(Source data)
☆ ☆ ☆ ☆ ☆ ☆ ☆

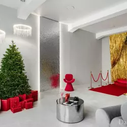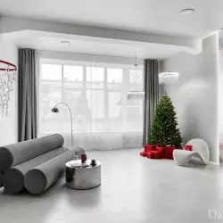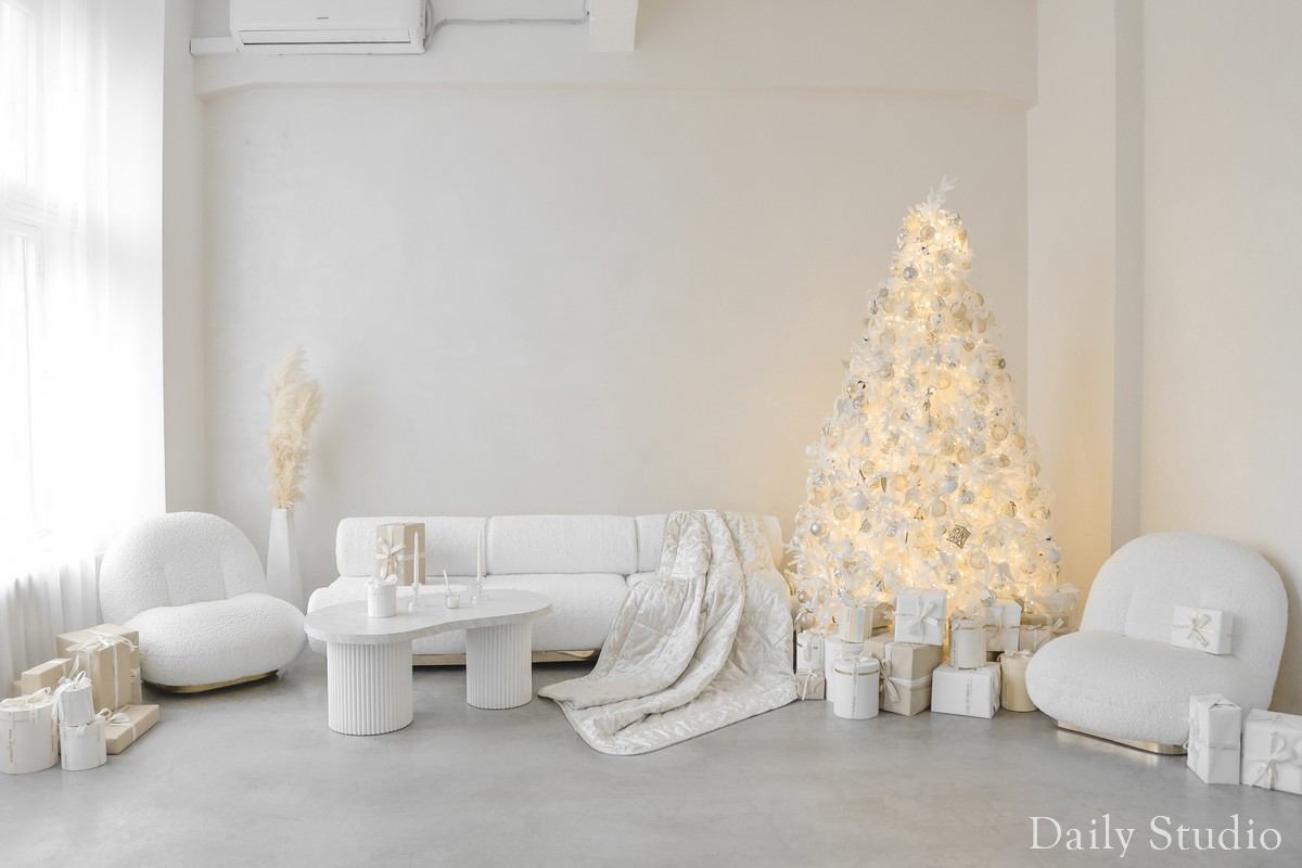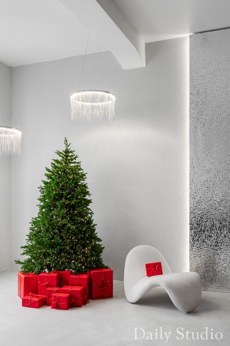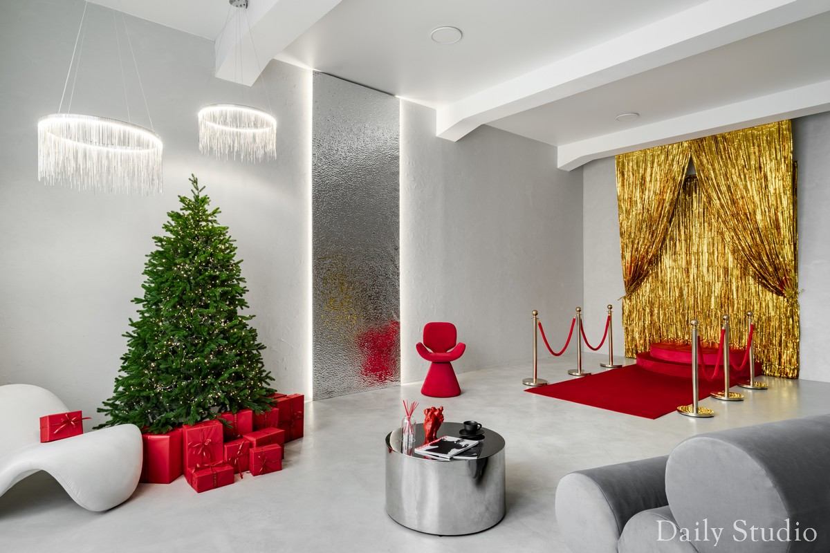 Оформленный в белых, серых и серебристых тонах, минималистично декорированный зал Balance станет идеальным пространством для стильных новогодних кадров.
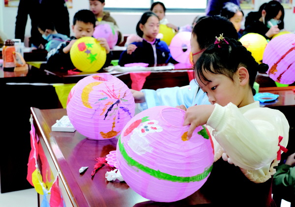 ▲“元宵节有什么习俗?”“挂灯笼、猜灯谜、放烟花、吃汤圆!”2月2日,叠彩区芦笛社区组织辖区50余名青少年儿童开展“巧手绘灯笼,欢乐庆元宵”活动,孩子们通过观看视频、知识问答了解元宵节的由来及传统习俗,并现场制作手绘灯笼,在动手实践中感受传统节日的文化内涵。 记者张婷婷 摄
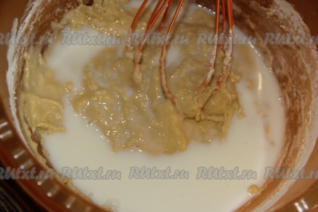Тесто получится однородным и гладким. Сливочное масло растопить и остудить до тёплого.
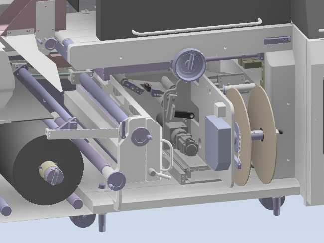 Vi konstruerer enheden nøjagtigt efter dine behov, så hvis der f.eks. ikke er plads under indføringsbåndet, foreslår vi en løsning med afrullerbord. Den afruller filmen, sætter etiketter på, printer på etiketterne og afleverer filmen til pakkemaskinen.
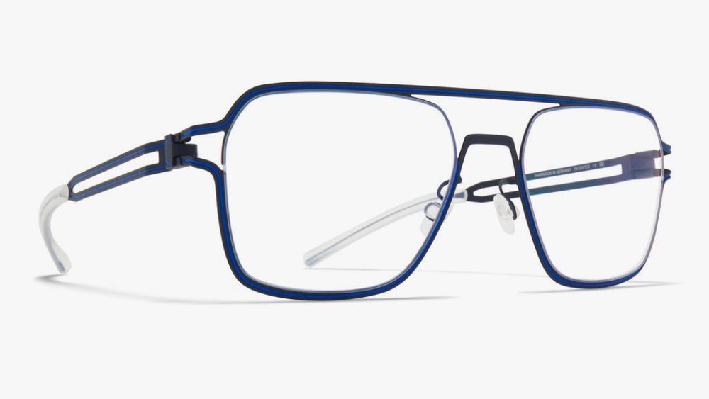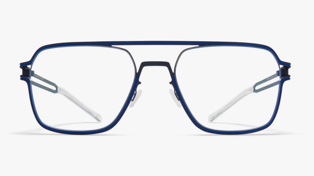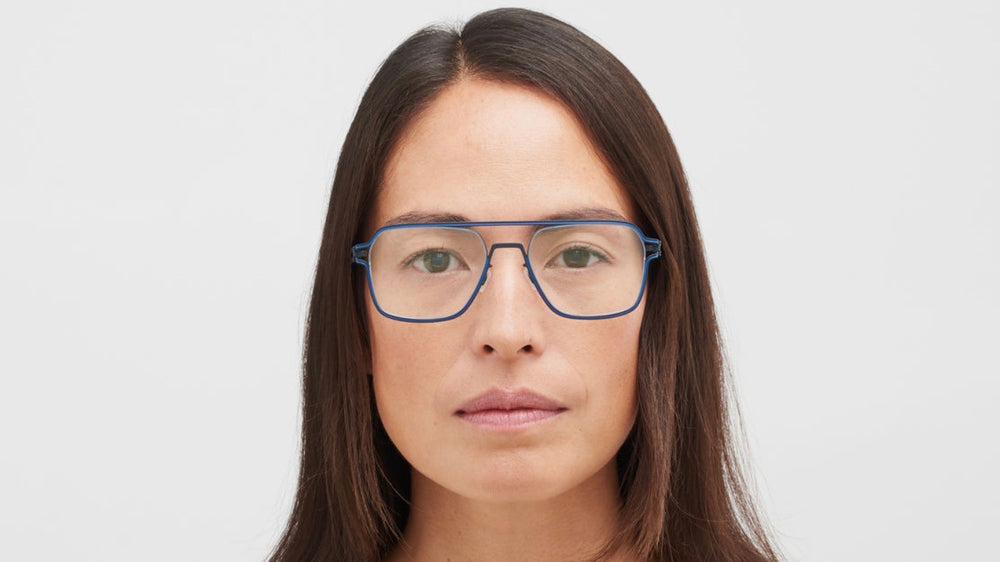 Modern aviator-inspired design with distinctive geometric angles and clean lines. Features a sleek metallic blue frame with architectural detailing on the temple arms. The double bridge design adds a sophisticated technical element while maintaining a lightweight, contemporary aesthetic. The frame has a refined mix of straight edges and subtle curves that create an avant-garde look suitable for professional settings.
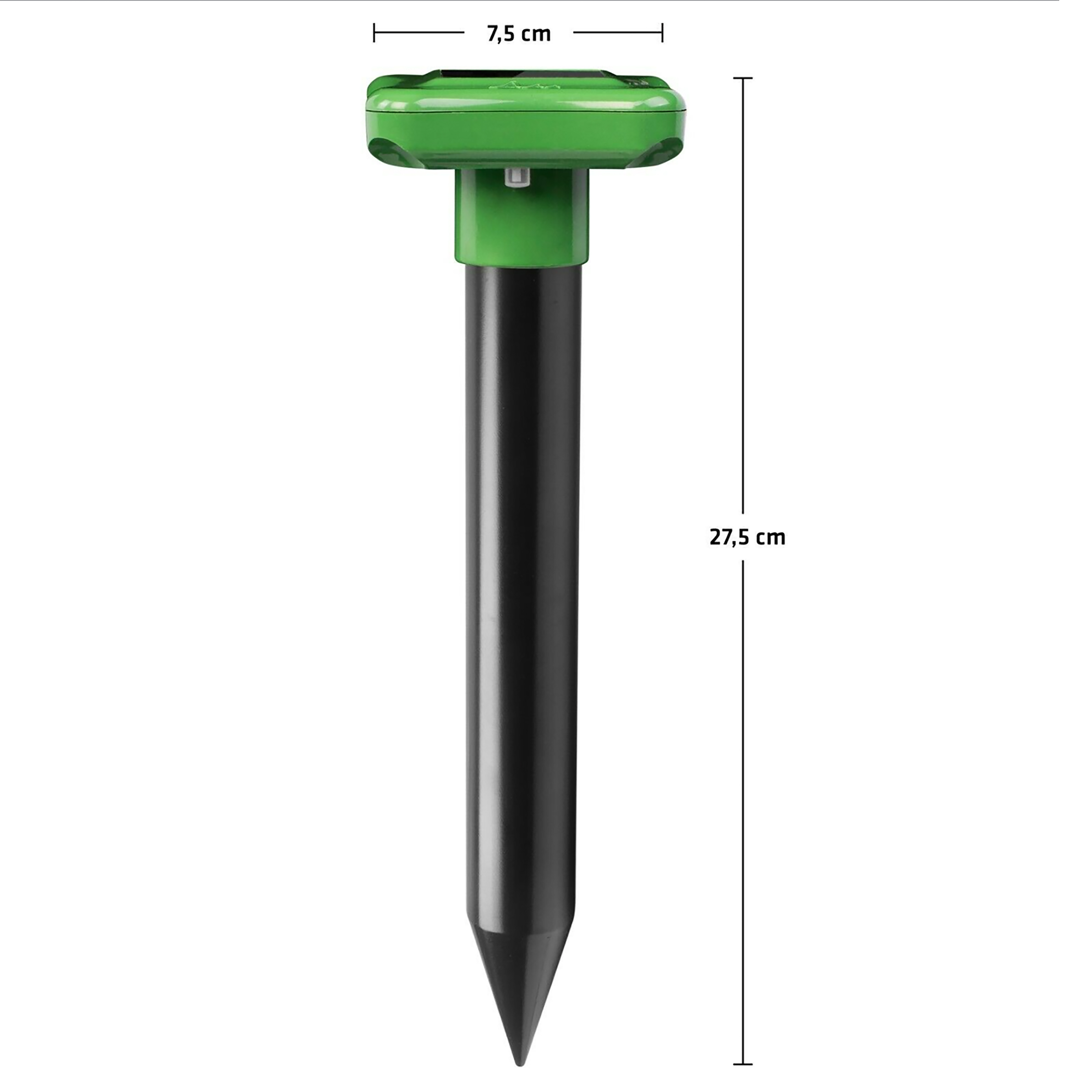 Son panneau solaire intégré recharge automatiquement la batterie interne, rendant l’appareil totalement autonome et écologique. Avec sa tête verte, il se fond parfaitement dans l’environnement, pour une protection discrète et continue.
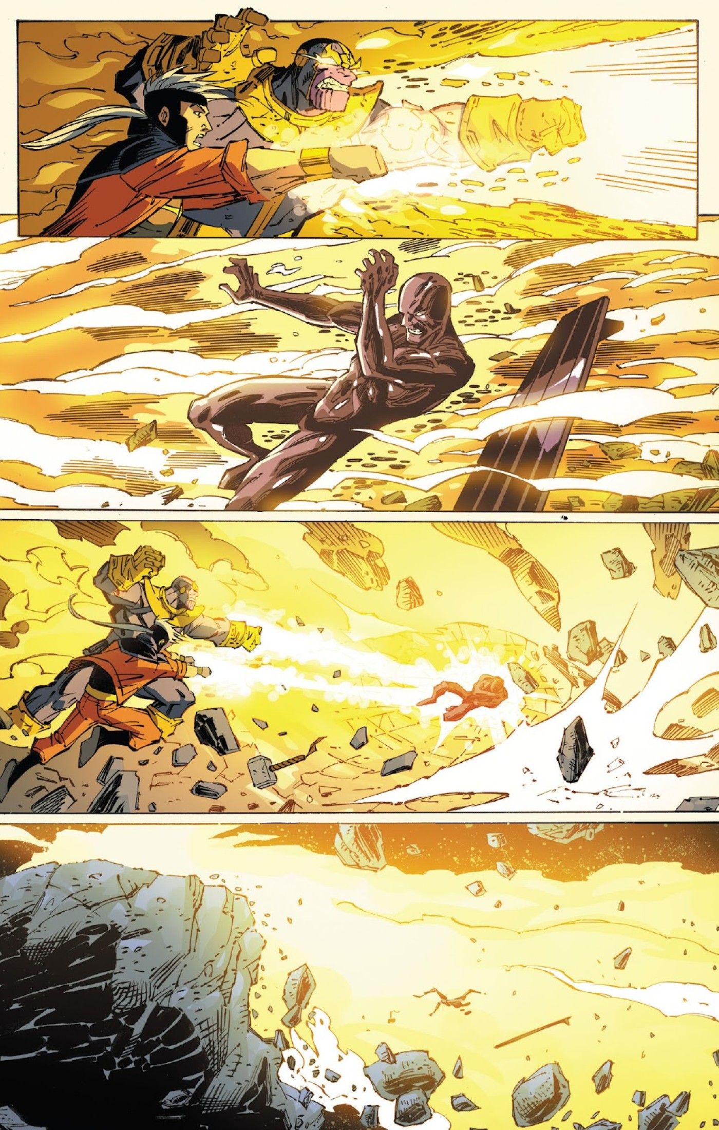 “/> The Black Surfer resurge, tras debutar por primera vez durante el Thanos gana Arco como una versión futura de Silver Surfer que ha sido corrompida por Black Matter. Silver Surfer y Thanos se unen a regañadientes para enfrentarlo. Cuando el Surfer actual desaparece en un intento de salvar la vida de Genis-Vell, el ex Capitán Marvel esencialmente entra en acción, sacando el martillo de Thor de la mano de Black Surfer. Genis-Vell lucha por levantar a Mjölnir por sí mismo, pero Thanos le asegura que no será necesario porque esta pelea se trata de “Fuerza Bruta.” Con su poder bruto combinado, Thanos y Genis-Vell logran borrar al Caído de la luna.
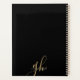 Planeador espiral personalizado moderno com iniciais ou monograma de script de caligrafia na moda elegante e nome na sua escolha de cores (mostrado em dourado falso e branco contra um fundo preto editável). ALTERAÇÕES: O estilo, cor, tamanho, espaçamento e posicionamento da fonte de texto podem ser alterados clicando em EDIT (EDITAR) na seção PERSONALIZE (PERSONALIZAR) para obter uma aparência personalizada. OPÇÕES DO PLANEJADOR: escolha duro ou cobrir suave e cor de fio na página de pedido. ASSISTÊNCIA: Para obter ajuda com a modificação ou personalização do design, alteração de cor, redimensionamento, transferência do design para outro produto ou, se você quiser coordenar itens, entre em contato com o designer ANTES DE PEDIR através da guia MENSAGEM de bate-papo Zazzle abaixo ou envie um email para makeitaboutyoustore@gmail.com.
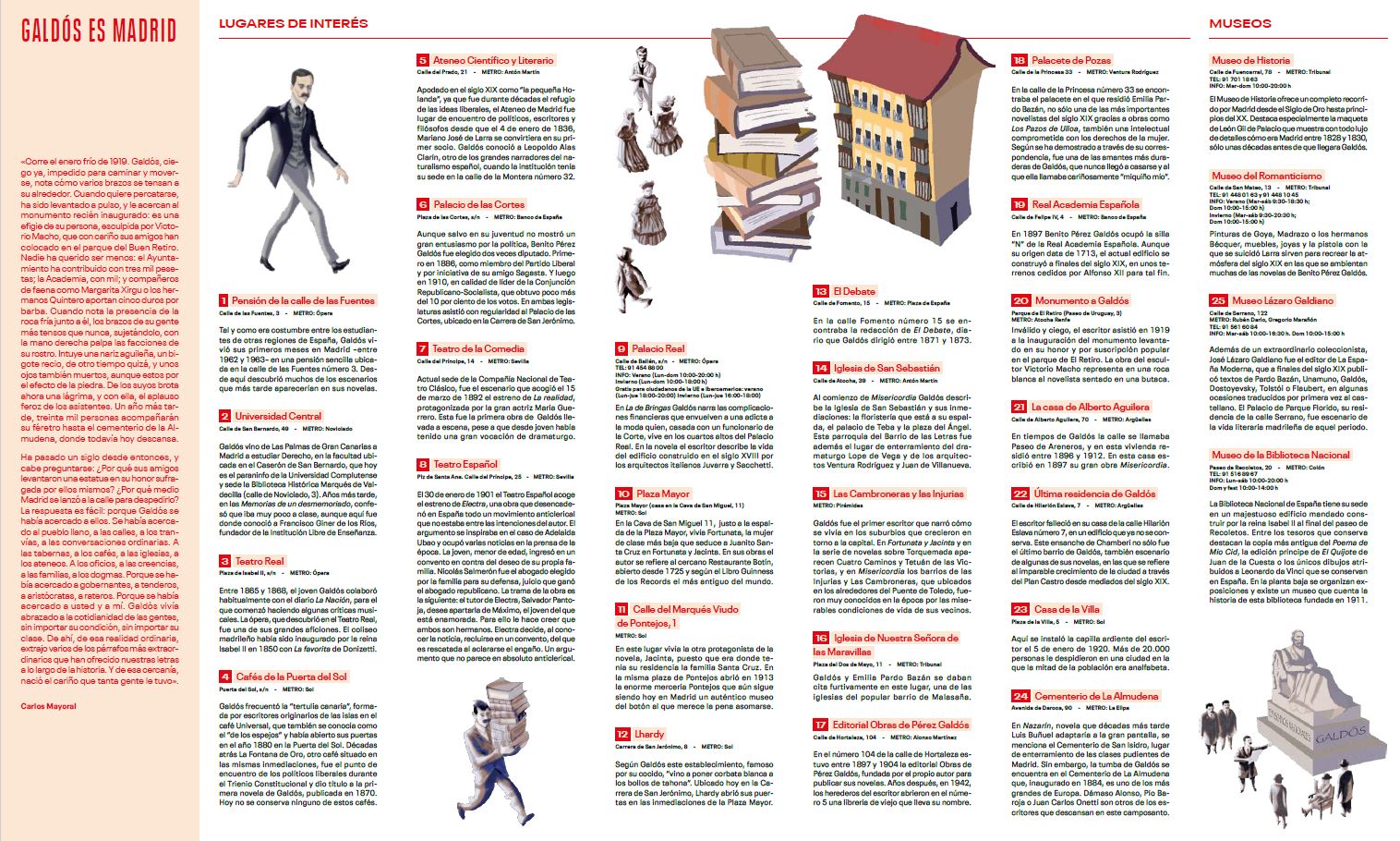 El mapa cultural ha sido ilustrado por Gonzalo Izquierdo y cuenta con el texto de apertura del escritor Carlos Mayoral, que ofrece su mirada sobre el autor en la inauguración de su estatua en el parque del Buen Retiro. Entre los lugares que forman parte de la ruta galdosiana se encuentran la Universidad Central, el Teatro Español, la Plaza Mayor, Lhardy y la redacción de El Debate, el diario que dirigió entre 1871 y 1873.
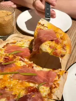 🍕 Super meat thin crust pizza Full of surprises! The crust is so thin that it is translucent but super crispy, covered with beef, sausage and bacon, and the cheese is exaggerated, a must-order for meat lovers;
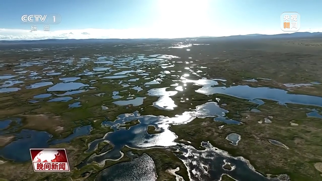 從高空俯瞰,無(wú)數(shù)湖泊沼澤,在陽(yáng)光的照耀下,星星點(diǎn)點(diǎn)、光彩奪目,如同綻放的花朵,點(diǎn)綴在高原之上。
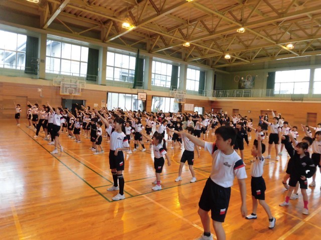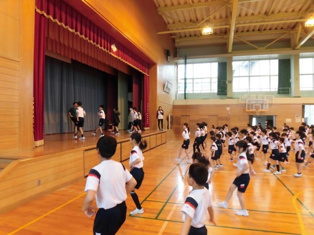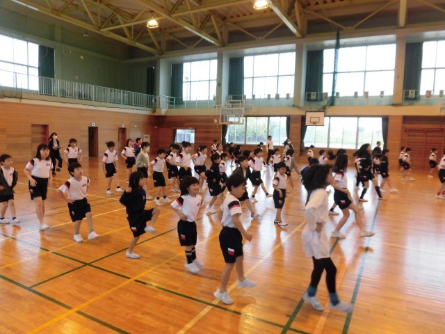 運動会で行う準備体操「やってみようダンス」の練習をしました!6年生がかっこいいお手本になっていました。指先までしっかり意識したり、元気なかけ声を出したりしており、やる気のあふれる神明っ子でした。
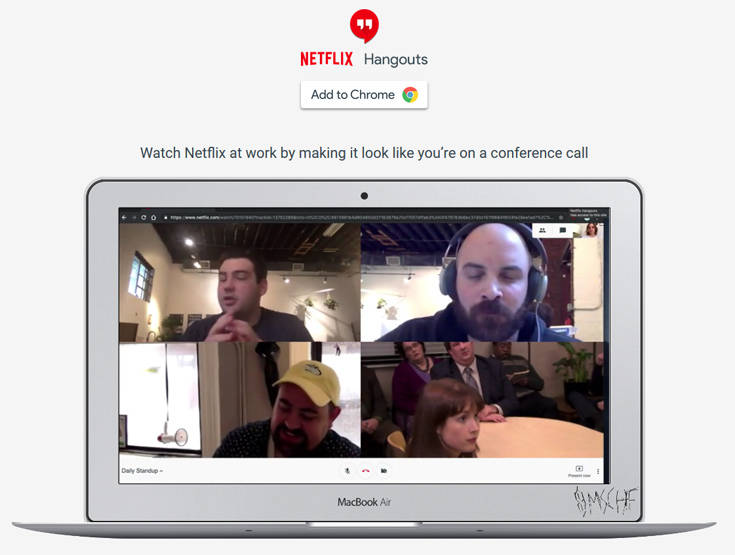 Netflix Hangouts το λένε και είναι ένα νέο extension για τον Chrome που προσπαθεί να κάνει ευκολότερη την παρακολούθηση του Netflix όταν υποτίθεται ότι… δουλεύεις.
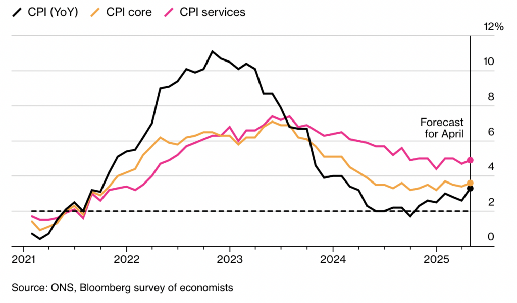La inflación en el Reino Unido del miércoles será un punto destacado. Todos los economistas encuestados por Bloomberg estiman que el crecimiento anual de los precios al consumidor se aceleró en abril, con una previsión mediana del 3,3 %, la más rápida en más de un año, tras un aumento en los costes de la energía regulada.
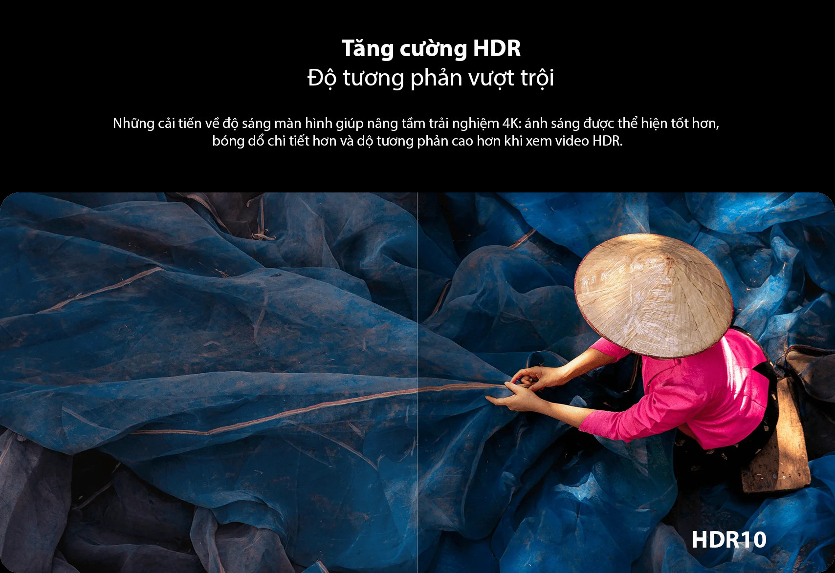 Hỗ trợ HDR giúp tăng độ sáng và độ tương phản cho hình ảnh, hiển thị rõ ràng hơn cả vùng sáng lẫn vùng tối, mang lại chiều sâu và cảm giác sống động hơn cho từng cảnh quay.
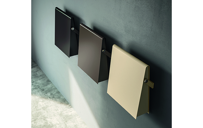 La pendenza del fronte e del retro assicurano quindi un’estrema ergonomia: le salviette possono infatti essere disposte totalmente in aderenza alla superficie e ottenere così una veloce asciugatura. Un maniglione in alluminio, anch’esso completamente riciclabile, ancora il radiatore al muro: la sua finitura è la medesima del corpo scaldante e può essere realizzata nelle oltre 200 varianti colore disponibili a catalogo.

☆ ☆ ☆ ☆ ☆ ☆ ☆

Exercise: What is needed is an exact copy of only the lines from the line containing "Hỗ trợ HDR giúp" through the last line of the entries, inclusive, without the pictures.

Task output:
 Hỗ trợ HDR giúp tăng độ sáng và độ tương phản cho hình ảnh, hiển thị rõ ràng hơn cả vùng sáng lẫn vùng tối, mang lại chiều sâu và cảm giác sống động hơn cho từng cảnh quay.
 La pendenza del fronte e del retro assicurano quindi un’estrema ergonomia: le salviette possono infatti essere disposte totalmente in aderenza alla superficie e ottenere così una veloce asciugatura. Un maniglione in alluminio, anch’esso completamente riciclabile, ancora il radiatore al muro: la sua finitura è la medesima del corpo scaldante e può essere realizzata nelle oltre 200 varianti colore disponibili a catalogo.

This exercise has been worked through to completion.